New MHAP Algorithm Delivers Fast, High-Quality Genome Assemblies
Tuesday, May 26, 2015
A new publication in Nature Biotechnology reports the development of a lightning-fast genome assembly pipeline optimized for long reads. Scientists from the University of Maryland and the National Biodefense Analysis and Countermeasures Center created the MinHash Alignment Process, known as MHAP, to dramatically reduce assembly time and improve assembly quality. Their results are worth celebrating: assembly times were 600-fold faster compared to existing methods. “Using MHAP and the Celera Assembler, single-molecule sequencing can produce de novo near-complete eukaryotic assemblies that are 99.99% accurate when compared with available reference genomes,” the authors write. In the best cases, entire chromosome arms assembled into single-pieces from telomere to centromere!

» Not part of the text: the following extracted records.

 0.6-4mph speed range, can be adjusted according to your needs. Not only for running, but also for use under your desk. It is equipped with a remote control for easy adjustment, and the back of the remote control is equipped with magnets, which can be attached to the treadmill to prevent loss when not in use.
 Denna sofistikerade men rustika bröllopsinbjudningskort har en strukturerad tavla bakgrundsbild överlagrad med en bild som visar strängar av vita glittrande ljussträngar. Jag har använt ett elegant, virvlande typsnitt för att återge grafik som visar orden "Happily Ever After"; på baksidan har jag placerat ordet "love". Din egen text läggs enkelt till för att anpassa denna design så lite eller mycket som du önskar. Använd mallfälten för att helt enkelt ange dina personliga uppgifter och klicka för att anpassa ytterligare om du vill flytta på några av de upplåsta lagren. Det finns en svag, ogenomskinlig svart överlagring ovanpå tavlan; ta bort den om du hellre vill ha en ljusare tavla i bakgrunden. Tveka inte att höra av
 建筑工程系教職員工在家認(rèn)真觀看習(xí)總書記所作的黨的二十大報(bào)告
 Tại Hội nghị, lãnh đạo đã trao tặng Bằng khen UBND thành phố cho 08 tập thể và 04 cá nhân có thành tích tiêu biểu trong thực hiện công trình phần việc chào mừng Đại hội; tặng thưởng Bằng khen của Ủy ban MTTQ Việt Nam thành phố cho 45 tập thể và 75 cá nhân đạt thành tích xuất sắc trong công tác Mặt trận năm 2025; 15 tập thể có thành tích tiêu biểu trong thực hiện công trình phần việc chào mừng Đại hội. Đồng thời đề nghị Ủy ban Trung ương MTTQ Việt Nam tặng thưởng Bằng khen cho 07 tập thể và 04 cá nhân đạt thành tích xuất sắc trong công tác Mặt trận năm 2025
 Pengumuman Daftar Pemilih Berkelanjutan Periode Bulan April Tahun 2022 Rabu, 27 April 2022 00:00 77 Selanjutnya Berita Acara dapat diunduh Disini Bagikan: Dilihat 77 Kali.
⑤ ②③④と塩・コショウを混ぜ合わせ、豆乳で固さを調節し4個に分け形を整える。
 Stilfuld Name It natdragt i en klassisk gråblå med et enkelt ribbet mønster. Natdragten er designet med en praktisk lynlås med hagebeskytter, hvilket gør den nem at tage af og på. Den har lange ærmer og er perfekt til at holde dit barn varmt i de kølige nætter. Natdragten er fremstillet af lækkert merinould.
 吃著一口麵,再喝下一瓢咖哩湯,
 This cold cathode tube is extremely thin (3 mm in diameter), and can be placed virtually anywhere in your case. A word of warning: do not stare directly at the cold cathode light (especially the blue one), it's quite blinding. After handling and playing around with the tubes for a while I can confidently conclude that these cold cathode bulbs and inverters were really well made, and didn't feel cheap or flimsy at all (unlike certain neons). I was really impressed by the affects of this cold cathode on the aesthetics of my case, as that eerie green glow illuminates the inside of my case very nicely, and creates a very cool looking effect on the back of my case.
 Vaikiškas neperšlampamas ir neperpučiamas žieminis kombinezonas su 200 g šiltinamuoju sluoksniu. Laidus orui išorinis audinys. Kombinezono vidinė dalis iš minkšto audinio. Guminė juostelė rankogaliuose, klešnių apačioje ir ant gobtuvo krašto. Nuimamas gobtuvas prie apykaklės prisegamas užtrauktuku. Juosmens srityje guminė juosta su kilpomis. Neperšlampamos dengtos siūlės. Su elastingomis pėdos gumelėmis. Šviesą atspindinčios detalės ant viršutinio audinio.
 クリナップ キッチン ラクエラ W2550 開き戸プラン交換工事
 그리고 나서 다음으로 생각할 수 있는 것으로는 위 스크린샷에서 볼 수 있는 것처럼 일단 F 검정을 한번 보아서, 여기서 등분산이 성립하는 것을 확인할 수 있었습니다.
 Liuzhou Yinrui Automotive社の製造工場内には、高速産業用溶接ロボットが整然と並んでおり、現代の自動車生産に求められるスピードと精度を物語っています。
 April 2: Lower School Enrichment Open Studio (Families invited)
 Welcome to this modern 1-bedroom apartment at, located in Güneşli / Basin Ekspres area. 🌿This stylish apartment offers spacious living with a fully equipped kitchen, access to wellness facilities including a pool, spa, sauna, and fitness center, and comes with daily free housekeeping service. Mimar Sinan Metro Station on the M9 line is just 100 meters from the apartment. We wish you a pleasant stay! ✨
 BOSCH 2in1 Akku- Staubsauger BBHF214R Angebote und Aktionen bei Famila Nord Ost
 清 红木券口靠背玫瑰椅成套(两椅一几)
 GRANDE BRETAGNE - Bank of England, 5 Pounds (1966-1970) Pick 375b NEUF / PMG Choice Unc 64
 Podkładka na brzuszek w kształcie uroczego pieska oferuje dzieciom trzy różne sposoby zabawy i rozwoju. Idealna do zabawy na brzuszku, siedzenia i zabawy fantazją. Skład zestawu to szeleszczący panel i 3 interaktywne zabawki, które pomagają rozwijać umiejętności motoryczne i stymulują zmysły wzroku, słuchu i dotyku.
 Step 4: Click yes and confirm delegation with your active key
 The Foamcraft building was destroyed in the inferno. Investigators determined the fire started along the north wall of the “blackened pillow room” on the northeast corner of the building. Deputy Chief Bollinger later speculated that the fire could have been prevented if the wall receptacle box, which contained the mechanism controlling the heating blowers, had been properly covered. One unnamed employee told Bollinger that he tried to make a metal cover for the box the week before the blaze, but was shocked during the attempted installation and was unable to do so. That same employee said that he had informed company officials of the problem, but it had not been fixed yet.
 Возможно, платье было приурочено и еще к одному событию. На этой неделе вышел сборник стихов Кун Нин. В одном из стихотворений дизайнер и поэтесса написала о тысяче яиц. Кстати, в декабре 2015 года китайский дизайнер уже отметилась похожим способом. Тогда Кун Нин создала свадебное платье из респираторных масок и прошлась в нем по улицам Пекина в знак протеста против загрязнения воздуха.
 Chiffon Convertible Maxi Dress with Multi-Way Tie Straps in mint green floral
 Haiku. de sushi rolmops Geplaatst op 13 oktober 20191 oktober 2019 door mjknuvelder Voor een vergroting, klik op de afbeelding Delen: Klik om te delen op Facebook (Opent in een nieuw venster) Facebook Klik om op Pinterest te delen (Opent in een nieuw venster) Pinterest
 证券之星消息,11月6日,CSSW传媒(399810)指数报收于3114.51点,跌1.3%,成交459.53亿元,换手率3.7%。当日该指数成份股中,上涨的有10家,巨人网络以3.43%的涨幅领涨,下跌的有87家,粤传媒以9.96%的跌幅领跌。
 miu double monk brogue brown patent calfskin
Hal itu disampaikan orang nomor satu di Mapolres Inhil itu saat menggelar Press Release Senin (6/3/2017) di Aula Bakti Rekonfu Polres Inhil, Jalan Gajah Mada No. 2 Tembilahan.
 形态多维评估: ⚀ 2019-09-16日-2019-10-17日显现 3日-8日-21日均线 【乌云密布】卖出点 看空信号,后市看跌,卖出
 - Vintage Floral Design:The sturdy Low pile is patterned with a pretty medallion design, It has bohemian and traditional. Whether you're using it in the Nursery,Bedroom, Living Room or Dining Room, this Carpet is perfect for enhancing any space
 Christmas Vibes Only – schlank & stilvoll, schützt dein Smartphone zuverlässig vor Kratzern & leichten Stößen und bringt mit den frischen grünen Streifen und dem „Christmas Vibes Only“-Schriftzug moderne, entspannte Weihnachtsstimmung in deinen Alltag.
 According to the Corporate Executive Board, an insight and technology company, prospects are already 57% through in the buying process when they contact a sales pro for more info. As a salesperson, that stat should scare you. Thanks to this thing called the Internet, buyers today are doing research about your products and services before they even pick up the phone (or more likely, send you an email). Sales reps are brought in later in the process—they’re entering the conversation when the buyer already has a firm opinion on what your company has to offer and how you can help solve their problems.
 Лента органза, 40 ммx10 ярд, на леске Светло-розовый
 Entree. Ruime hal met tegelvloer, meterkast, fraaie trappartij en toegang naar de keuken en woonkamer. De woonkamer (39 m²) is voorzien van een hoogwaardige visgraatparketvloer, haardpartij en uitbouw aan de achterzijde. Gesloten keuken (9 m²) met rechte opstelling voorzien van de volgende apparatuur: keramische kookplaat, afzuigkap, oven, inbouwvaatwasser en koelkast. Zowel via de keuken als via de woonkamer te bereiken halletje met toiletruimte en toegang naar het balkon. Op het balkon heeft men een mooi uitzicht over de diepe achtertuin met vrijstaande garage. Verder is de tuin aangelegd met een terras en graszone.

MHAP takes a probabilistic approach to overlap-based assembly of long reads. MinHash represents longer text or a string of information as a set of fingerprints, allowing the assembly process to occur with more compact data that’s less computationally intensive. The authors’ MHAP overlapping method has been integrated into Celera Assembler for the assembly of gigabase-sized genomes, and is reported in their new paper “Assembling Large Genomes with Single-Molecule Sequencing and Locality-Sensitive Hashing.”
While the technical approach to MHAP is very clever, what impressed us most from this publication were the results. Lead authors Konstantin Berlin and Sergey Koren, along with their collaborators, tested the algorithm on five different genomes to gauge its performance. The organisms included Escherichia coli, Saccharomyces cerevisiae, Arabidopsis thaliana, Drosophila melanogaster, and a human cell line (CHM1). For E. coli, the assembly of 85x SMRT® Sequencing reads took 20 minutes on a 16-core desktop computer; for S. cerevisiae, assembly time was less than two hours and resulted in a four-fold improvement in N50 size compared to previous assemblies. “For E. coli, the total cost of PBcR-MHAP assembly and Quiver polishing is currently less than $2 [using cloud computing],” Berlin et al. write.
As genomes got larger, the speedup became more pronounced: the D. melanogaster assembly was 600 times faster than previous methods — from 629,000 CPU hours to just 1,086 CPU hours — and produced a contig N50 longer than the scaffold N50 of the Sanger reference assembly, and “hundreds of fold more contiguous” than a synthetic long-read assembly. For yeast, the results were even more impressive. The authors report that “a majority of the 16 chromosomes were completely resolved from telomere to telomere” in their MHAP long-read assembly of S. cerevisiae W303.
The team also assembled a human genome, using the publicly available PacBio® long-read CHM1 haploid human genome dataset. The assembly’s contig N50 is an order of magnitude larger than the original Sanger-based human assembly, the authors report, and may resolve more than 50 of the 800-plus annotated gaps in the latest human reference genome. Zooming in on the highly complex MHC region of the genome, the scientists found that 97 percent of the locus is represented in just two contigs, compared to more than 60 contigs covering the same region in a recently published short-read assembly of the same cell line.
With MHAP, the authors anticipate that pent-up demand for rapid, affordable, and high-quality assembly can now be met. “These results demonstrate that [PacBio] single-molecule sequencing alone can produce near-complete eukaryotic genomes,” they write. We’re certainly excited to see more reference-grade eukaryotic genome assemblies generated using the new MHAP method.